Demystifying Ginger Baker

That Fela knew Tony Allen’s worth as an innovative world-class
trap drummer, was proud of his prowess and, was prepared to let the world know
about it, was well demonstrated when Fela – cheeky rascal that he was – set up
his friend, drummer Ginger Baker, by inviting him to record with the Africa ’70
as a second trap drummer in London. Ginger Baker, touted as the greatest
drummer in pop music based on his knowledge and incorporation of Afro rhythms,
was completely blown away by Allen whose fluid multi-rhythms were a sharp
contrast to Baker’s lumbering heavy-handed flaying of the drums. This important
Fela record not only demystified Baker’s rating as a drummer, it also featured
fascinating spells of gong rhythms.

Interestingly, I caught Ginger Baker try and pull a fast one on
the music world at the 1972 Munich Olympic Games World Music Festival with his
band, Salt (made up of young Nigerian pop musicians including The Lijadu
Sisters whom he had recruited from Lagos). From the audience, it sounded as if
Ginger Baker was playing some ‘heavy drums’; but I was suspicious and decided
to check out what was really happening. On close investigation, I discovered
that Baker conveniently kept the second drummer in Salt, Laolu Akins, next to
him; then deliberately ‘under-miked’ Akins’ drum set, whilst his own drums were
literally ‘over-miked.’ All Ginger Baker was cleverly doing was feeding off
Laolu Akins’ original rhythms, reacting split seconds after Akins’ rhythms. And
because Baker was very well ‘miked’, it sounded as if he was the one creating
all the heavy rhythms of Salt!

Good times

In what many consider as the golden age of Africa ’70 and Afrobeat
and, when the band was still resident at the Shrine at the Surulere nightclub,
the best place to sit for hardcore aficionados was away from the Africa-shaped
table in front of the bandstand, where Fela’s friends, V.I.Ps and celebrities
like radical Naiwu Osahon and Wole Bucknor sat. Instead, you sat at the back of
the covered space, directly facing and listening to the duo of Henry Koffi and
Tony Allen as they laid down the Afrobeat rhythms and, admiring tall slim Ijo
Black Rose gracefully shimmying to the music in her ‘dance cage.’ Whenever
Koffi got into his groove, dancing and playing multiple rhythms on his
three-membrane drum, he would play the zinc roof of the stage with his sticks
and smile knowingly. A good time was always had by all!

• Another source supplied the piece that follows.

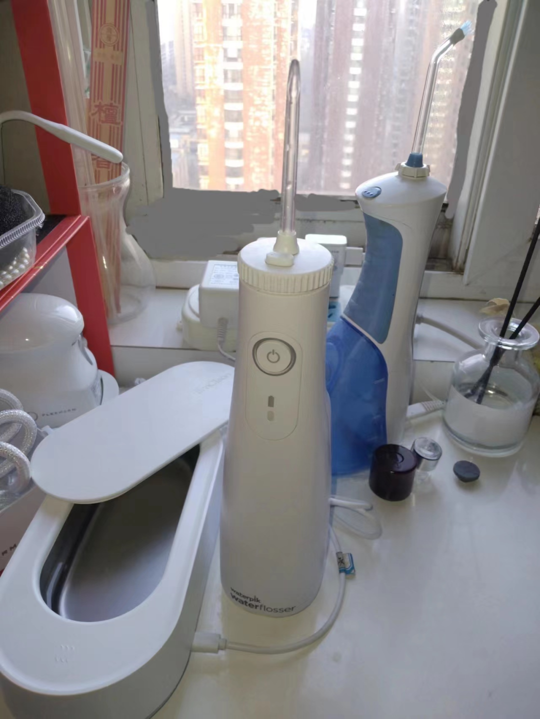 超聲波清洗器(左)和新的水牙線(中) 新款的是水箱更干凈、磁吸充電,價格差不多

Fela stamped his huge personality on Afrobeat and used his savvy
of marketing by deliberately creating controversy to make himself and his
Afrobeat very popular. He was immediately accepted by the youth, the ‘masses’
and later, grudgingly, by the middle and upper classes who felt threatened and
in some ways let down by one of their own! Musically, Fela brought his vast
expertise of composing and arranging garnered from Trinity College, London,
into making Afrobeat one of the most distinct genres of world popular music from
the twentieth century.

Tony Allen Live

In October 2007, I was part of a group of Nigerian artists
invited to participate in an annual Book Festival that honours Nobel Laureates;
held at the resort town of Aix en Provence in the South of France. Nigeria’s
Wole Soyinka was the guest of honour for 2007; Tunde Kelani showed his films;
George Osodi and I had a one-month-long photography exhibition and Tony Allen
was invited from his Paris base to perform an improvisational drum session with
Ara, the Nigerian female talking drum player.

It was nice renewing acquaintances with Allen and he gave me his
new CD, ‘Tony Allen Live KIP 002′, on his independent label. It has since been
a CD I play and enjoy a lot and one that has, not surprisingly, attracted the
interest and admiration of all who have heard it. A live recording from some
unidentified music festival in France, it starts with the master of ceremony
saying, “It is indeed a privilege for me to introduce to you a living legend.
Ladies and Gentlemen give it up big-time for Tony Allen and his Afro-Funk
Orchestra;” to great applause. Tony Allen, now based in Paris for two decades,
is hugely popular in Europe and has also been Nigeria’s Ambassador
Plenipotentiary for Afrobeat music worldwide.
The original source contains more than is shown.